• Sat. Feb 24th, 2024

Kraken to end its crypto-staking services in the U.S. – here’s why

  • Kraken is ending crypto-staking services to settle with the U.S. SEC.
  • It will also pay $30 million in penalties as part of that settlement.
  • The development casts doubt upon Coinbase that also offers staking.

Kraken – the U.S. based crypto exchange was in focus today on reports that it’s bringing down the curtain on its crypto-staking operations.

Kraken to pay $30 million in penalties to settle charges

Kraken was facing an investigation from the U.S. Securities and Exchange Commission over selling unregistered securities.

The Kraken staking programme is offered and sold as a security. Staking-as-a-service providers must register and provide full, fair, and truthful disclosure and investor protection.

On Thursday, the crypto exchange agreed to end the said operations to settle those charges. Kraken will pay $30 million in penalties as well even though it refrained from admitting to or denying the allegations.

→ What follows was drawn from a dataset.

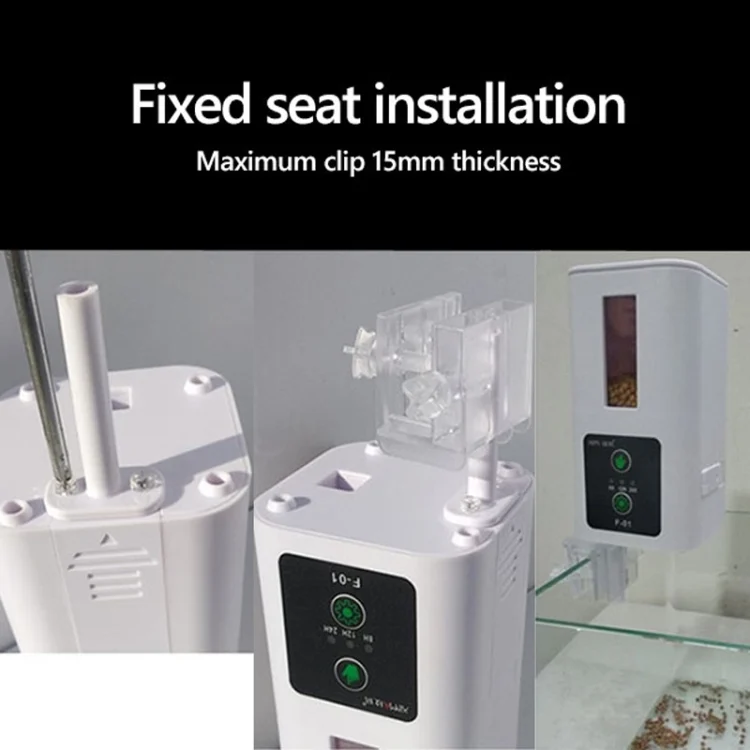 2. Two installation methods, simple and easy to operate. covered aquarium: directly placed in the feeding port of the closed aquarium; uncovered aquarium: bracket fixed on the wall of the aquarium, the height of the main body can be adjusted up/down/rotated

The development marks the first regulatory crackdown on staking; a service that’s been quite popular with the crypto exchanges.

Non-U.S. clients will still have access to staking services

Kraken offered a whopping 20% annual percentage yield on staking with payments sent to clients twice per week. On Twitter, Gary Gensler – Chair of the U.S. SEC said in a video message today:

When a company or platform offers you these kinds of returns, whether they call their services lending, earn, rewards, APY or staking – that relationship should come with protections of the federal securities laws.

The crypto exchange did confirm, however, that its staking services will remain available to clients outside of the Unites States through a different subsidiary.

Today’s settlement also casts doubt upon Coinbase Global Inc that offers staking services in the United States as well. Its shares closed the regular session down nearly 15% on Thursday.